As noted at the start this is my first foray into telecommunications law (and I thank my correspondents for opening a new area for me) so my conclusion has to be read with more caution than normal. A particular problem is that I don’t know or understand the technical details of what the service is providing, how the pager system works and how the message is being obtained by the enhanced service provider.

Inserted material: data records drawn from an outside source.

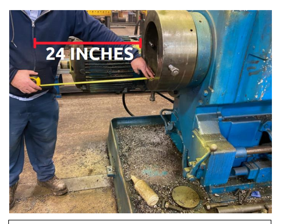
Photo 3. Photo showing the involved manual lathe. The steel rod protruded from the rear of the machine approximately 24 inches. The red line depicts how far the steel was protruding from the end of the lathe.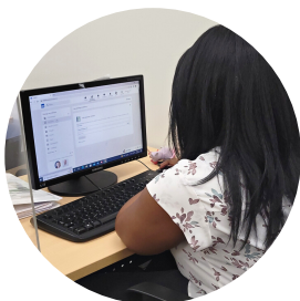
Administration & Clerical

When the job market rapidly reopened and expanded over the last year, we recognized its impact on our community. Employers needed trained people quickly, and our skills training programs filled that urgent gap. Our 8 to 12-week condensed skills training programs gave participants the hands-on practical experience, professional skills and certifications required in growing industries, such as warehouse and manufacturing, commercial and residential construction, commercial cleaning and administrative positions.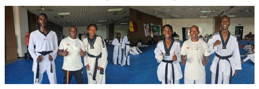
*Team Zambia (Left) / Team Zimbabwe (Right)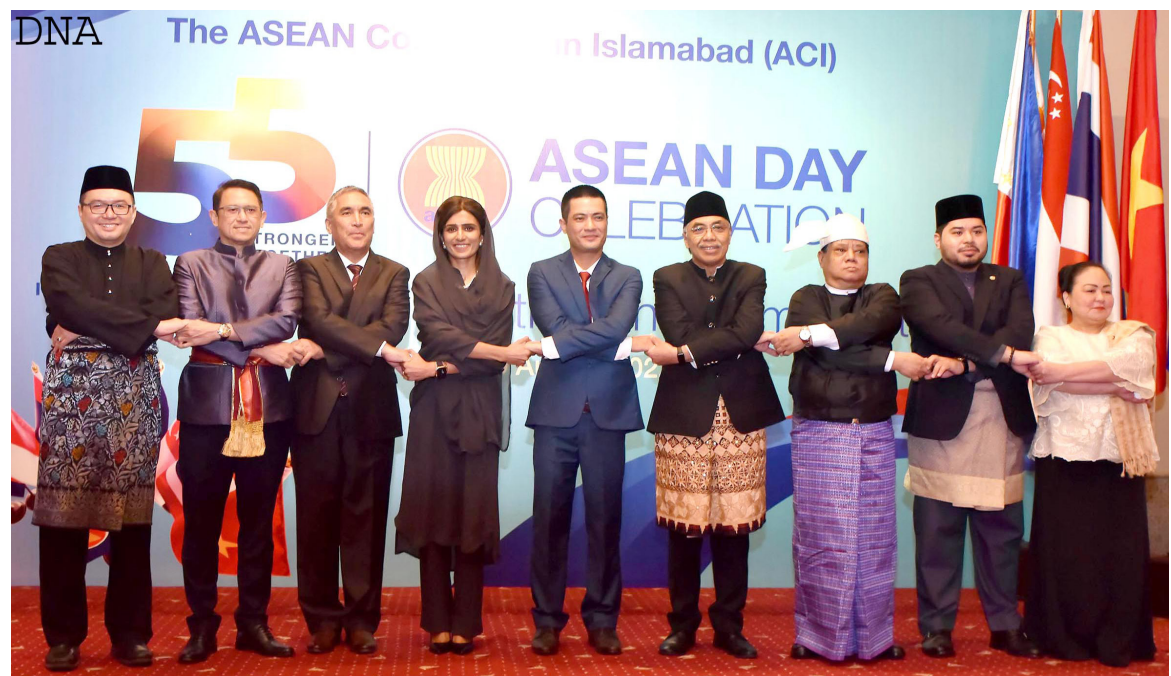
ISLAMABAD: Hina Rabbani Khar, State Minister for Foreign Affairs, Ambassadors and High Commissioners of the ASEAN member states posing for a picture on the occasion of 55th ASEAN Day celebrations.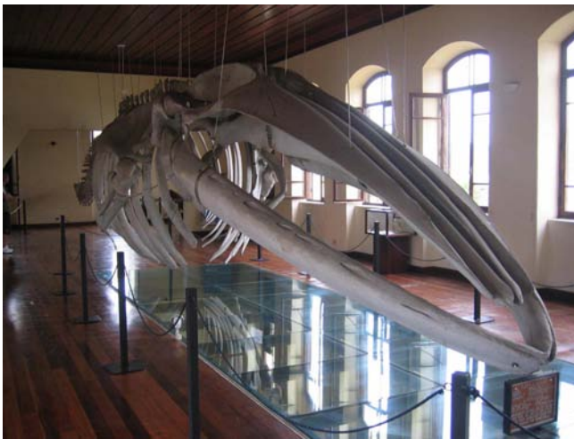
Fig. 2. An 18-m long skeleton of a fin whale ( Balaenoptera physalus ) found washed ashore at Peruíbe in 1941. It is on exhibition at Museu do Instituto de Pesca, Santos.

• Eubalaena australis Desmoulins, 1822: Two right whale tympanic bullae (MZUSP-2758 and 19837), collected in Iguape in 1902, were reported by Castello and Pinedo (1979). Sightings and strandings were recently updated by Lodi et al. (1996) and Santos et al. (2001a). A total of eight strandings were reported between 1936 and 2000 (see updated list in Santos et al., 2001a). Another stranding occurred on 15 August 2007, of a 4.5 m long male found at Itanhaém (CEEMAM-319). Most stranding records (67%) related to calves, three occurrences of which were related to individuals presenting vestiges of the umbilical cord.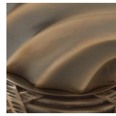
Oil Rubbed Brass OB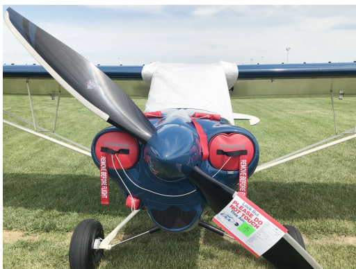
Cub Crafters EX2 Canopy Cover, Engine Plugs

Engine Inlet Plugs are custom fit for your CubCrafters CC-11, Sport Cub S2, & Carbon Cub intakes, made with heavy-duty vinyl material, and stuffed with a single block of sculpted urethane foam. Each plug has a zipper that allows the foam to be removed and dried if necessary. Engine plugs have warning flags that are visible from the cockpit or 'remove before flight' streamers sewn onto the face of the plugs. Most plugs are imprinted with the aircraft registration number in black for an extra charge. Storage bag NOT included. Engine plugs may be inserted after flight when the engine is still warm. Engine Inlet Plugs are commonly referred to as Cowl Plugs, Intake Plugs, Cowl Blocks, Engine Blocks, and Engine Bungs.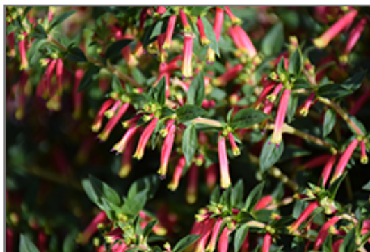
Honeybells Cuphea flowers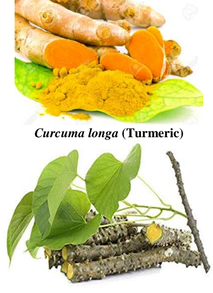
Tinospora cordifolia (Giloy)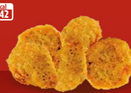
kcal 242 5 Chicken Nuggets £3.09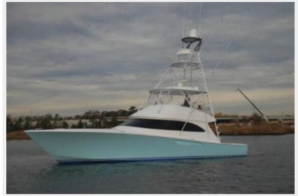
Viking 55 Convertible Profile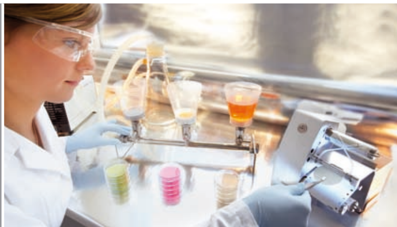
Biosart® single-use funnels and Microsart® e.Motion filter dispenser for colony count applications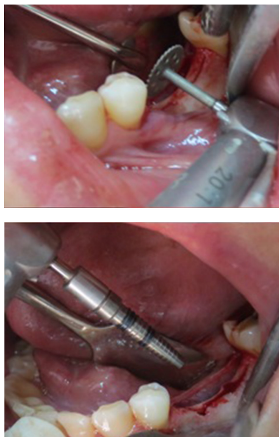
Figure 1. Initial Osteotomy With Separating Disk and Expansion Drill Being Used for Final Osteotomy and Implant Site Preparation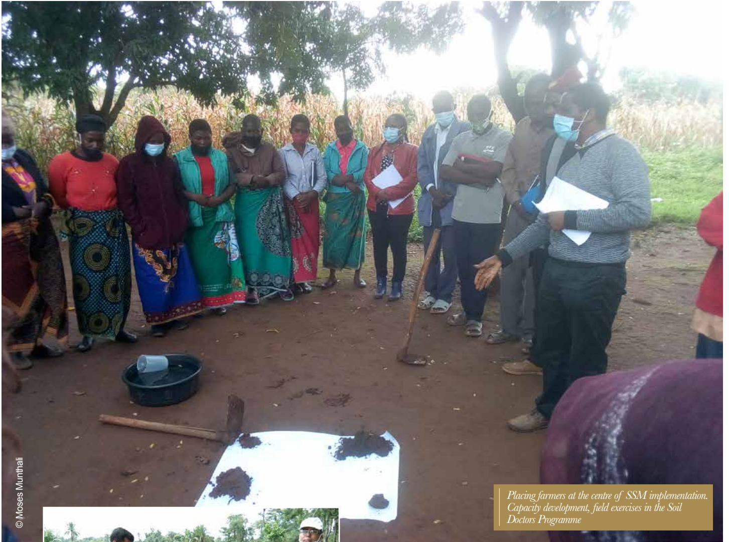
Placing farmers at the centre of SSM implementation. Capacity development, field exercises in the Soil Doctors Programme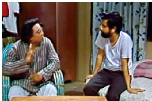
In 'Bohubrihi' with Asaduzzaman Noor.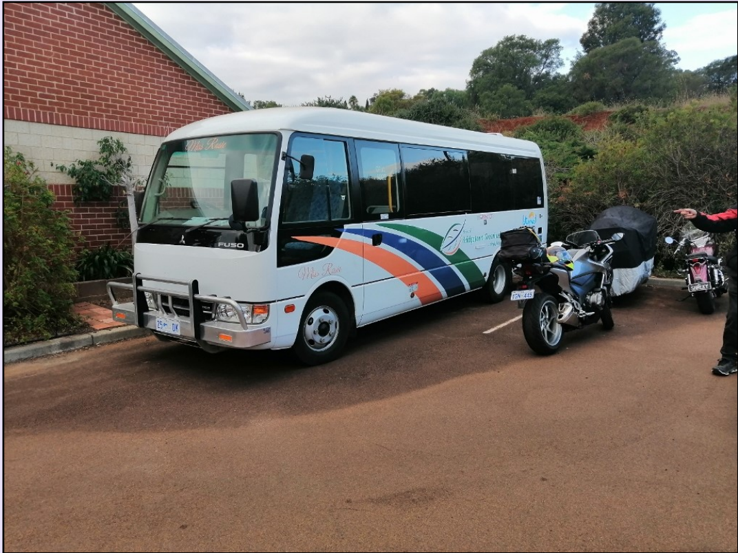
Means of commuting between Bridgetown and Winnejuw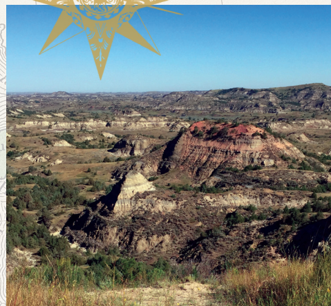
Theodore Roosevelt National Park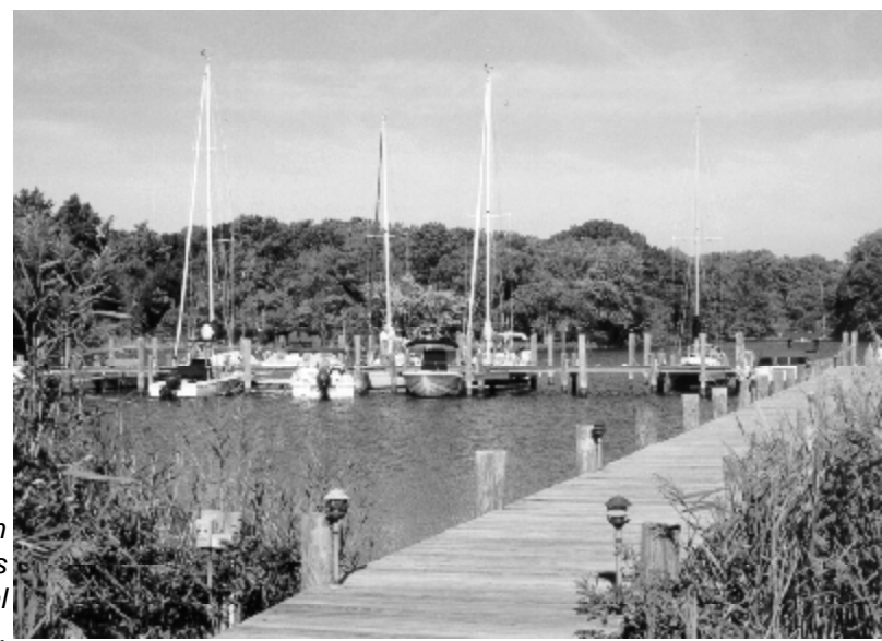
Queenstown Harbor protects its natural assets.

The natural edge consists of wilderness preserves for wildlife and marine habitats, parks protecting the natural vegetation, greenbelts, hybrid parks, heaths and undisturbed shoreline areas.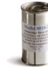
132005 Spare cartridge for gas filter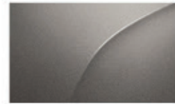
Titanium (M) BC/BL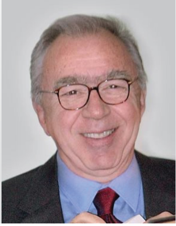
Sokratis P. Kokkalis Chairman and Group CEO, Executive Member

Visionary founder of INTRALOT and majority shareholder of the INTRACOM Group, he launched the first advanced technology hub in Greece in 1977. A leading member of the Greek business community, he is an active sponsor of leading educational, cultural and athletic initiatives in SE Europe. With degrees in Physics and Electronics, he became a John Harvard Fellow in 1997 after establishing the Kokkalis Program at Harvard University's Kennedy School of Government. In 1998 he founded the non-profit Kokkalis Foundation, a public benefit institution focusing on educational and regional development. A fluent speaker of English, German and Russian, he also speaks Romanian, Italian, Bulgarian and conversational Serbian and French. For many years he was the president and major shareholder of Olympiacos FC, Greece's leading football club.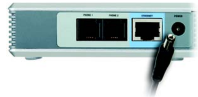
Figure 3-4: Connect the Power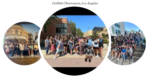
SSC Upward Bound Bridge students finished their summer camp with a trip to Los Angeles and Hollywood, California.

With those limitations however, it is clear that indeed there could be many issues. The critical issue is that by getting the data from the pager/call out feed the third party provider is getting access to private information without the consent of the person who gave the information and either without the consent of the CFA/SES or without contractual guarantees to ensure that the service provider is committed to protecting the data as if they were the CFA/SES. To return to the SES memo it says:
VICSES has had discussions with EMV who have undertaken to conduct some further research, including what other interstate jurisdictions are doing about BART and similar applications, seeking advice from ACMA as to what options are available to address legal issues such as accessing the data, and addressing information privacy requirements.
That seems eminently sensible. If ‘Units have gained some advantages through enhanced capability to manage member availability and in some cases supplement the primary alerting system’ then the commitment from VICSES to look at options will, hopefully and in due course, find a way to secure those advantages. In the meantime the direction that ‘Units are not to seek extensions, renewals or variations to such contracts or to enter into any new contracts following this advice’ also seems entirely sensible.